For the doc you shared, your forget to share the scopes part and the token response part that both show that a refresh token will be issued if you set the offline_access scope. When API use refresh token, access token are always short lived. This is not different VS Google for example.

One question however:is it how your users login into your app or you have a email/password Bubble native auth and you are trying to add oauth2 to the authenticated user account?
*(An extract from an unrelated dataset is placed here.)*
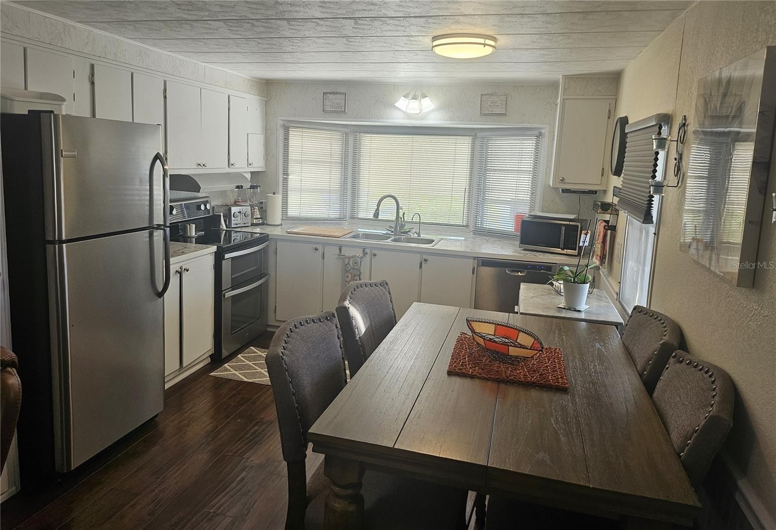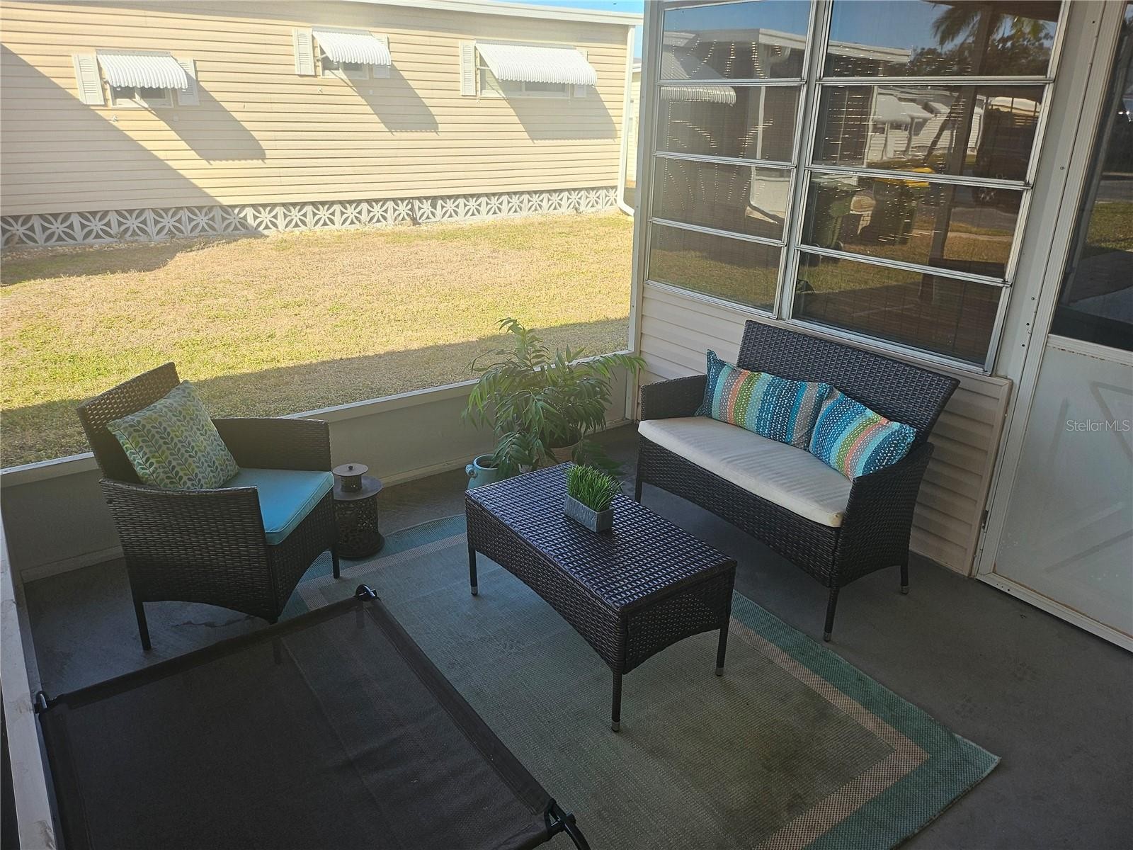 Discover the ease and comfort of Florida living in this thoughtfully maintained TURNKEY furnished home located in the ONLY gated 55+ Resident Owned Park in the City limits of Sarasota!! This 3 bedroom home has beautiful curb appeal with the pavers and palm trees landscaping. This home has been tastefully decorated and offers a peaceful, move-in-ready retreat— ideal for seasonal or full time residents seeking sunshine, simplicity, and comfort. Guest will appreciate the split plan feature with the 3rd bedroom conversion. Enter through the quaint French doors to a cottage style queen set, separate AC system, flat screen TV, and private wardrobe. There is plenty of space for up to 9 overnight guest with a king bed, queen bed, double bed and both the sofa and loveseat convert into a queen-size sleeper sofa with a new mattress and a single sleeper loveseat, ideal for visiting guests. The dining table stores extra leaves and there is seating for 6. Additionally, the coffee table rises to accommodate additional table space as well. The kitchen has great natural lighting has 2020 stainless steel appliances. The dishwasher, rolling island, CD radio player and water filter system were installed after 2021. The pantry provides plenty of room for storage needs. Begin your mornings enjoying your coffee or tea on the lanai, read, or visit with friends while embracing the relaxed Florida lifestyle. Whether you are arriving for the season or enjoying full-time living, immediately begin soaking in Florida’s warm weather, friendly community, and relaxed pace of life. Upgrades include: Vinyl Siding, extra large storage room that can be used as a Florida room as well, separate shed room, Washer/dryer and utility sink in the storage area, screen lanai added 2024, HVAC system installed 2020 professionally serviced yearly and enhanced by a whole-house duct enlargement for improved airflow throughout the home. Vapor Barrier replaced 2023, Interior upgrades include the stainless steel appliances, some drywall, updated entry door, all flooring updated, Water Heater 2025, all flooring has been updated. Hurricane Shutters and rain gutters. The utility room adds exceptional value, featuring an additional refrigerator along with a washer and dryer, offering convenience and extra storage—perfect for seasonal living or hosting guests. About Oakwood....This 55+ gated 90 acre community boasts a low maintenance fee of $210/month. Its vast amenities start with the spacious Clubhouse outfitted with a full commercial cook kitchen, event stage, audio/visual, dance floor, state of the art fitness room, activities hall, library with books/movies/puzzles and a pool table. Outside recreation includes an extra large heated pool with a handicap ramp, a spacious kidney shaped hot tub, ample umbrella tables and lounge chairs and updated shower rooms. Oak trees shade the beautiful park area, picnic tables and a community grill. Additional amenities to enjoy are the community putt putt course, bocce ball, ping pong and corn hole. Oakwood Manor is a vibrant community with numerous social events and activities. It is conveniently located adjacent to Legacy Trail and 12 newer pickle ball courts. Just a short drive to our crystal sand beaches, downtown area, the marina, fishing pier, local golf courses, shopping, variety of restaurants, the museum, SRQ airport, SMH and Doctors hospitals. Please note that Oakwood is a no pet, no motorcycle Park.

I just use native bubble at the moment, i might allow sign in through Google/MS. but the primary reason for integrating with Graph, was because i am building a CRM and it allows users to email from the system, as a result i wanted to use the mail.send function in the graph API. As you can imagine, having a user have to keep signing in every hour is just not a workable solution, whilst i was aware that the user agent flow does give short-term tokens, i did imagine that as long as offline_scope was defined in the API, the tokens would refresh, But the more i look into it, the more i seem to think Graph ignores the offline_scope because it is an implicit flow which i don’t think they deem as secure enough to issue refresh tokens.

Gemini and ChatGPT give different responses, but both seem to think building a custom process might be achievable, Graph does support refresh but i believe you have to use PKCE (I dont know much about this at all) but i don’t think Bubble supports it.

I just don’t really see the point of this user agent flow Bubble has built if it will not handle the refresh tokens, unless this is just a Graph specific thing.

Appreciate your comments, let me know what you think.

So your issue may be there. If your user log in with email password and after you are trying to add the user-agent to this logged in user, you may face some issue. Technically, Bubble replace auth of this user with the data from oAuth2, but I guess that is user log in again with email and password, this may void the oAuth2 data and Bubble will not refresh it. You could also have a bug if the user token is not refreshed if the user stay logged in with the oAuth provider but the user was created with email/password Bubble native auth. Do test: log out and log in with social network with a new account and check if you are facing the same issue.

If you want to keep the email/password Bubble auth, you will need instead to use the manual oauth2 process like described here: https://forum.bubble.io/t/showcase-manual-oauth2-token-integration/79988/

Hi Jici,

I will test what you suggested tomorrow. Thanks very much for your link regarding the custom Auth flow, I think it your suggestion does not work I will need to try and build this.

I also see Pathfix as a potential solution to remove the headache of this token refresh, not sure if you have any experience with this and would recommend?

Thanks again for your assistance.

Rob

Pathfix is not a bad solution but maybe not needed. For me, I don’t see any value, but for someone that is less familiar with handling manual auth process, this could help for sure.

Yes appreciate what you’re saying. I have tried to not use much in the way of third party services, but I’m getting pretty sick of this token refresh situation. Will look at the resources you sent over and see how easy it is!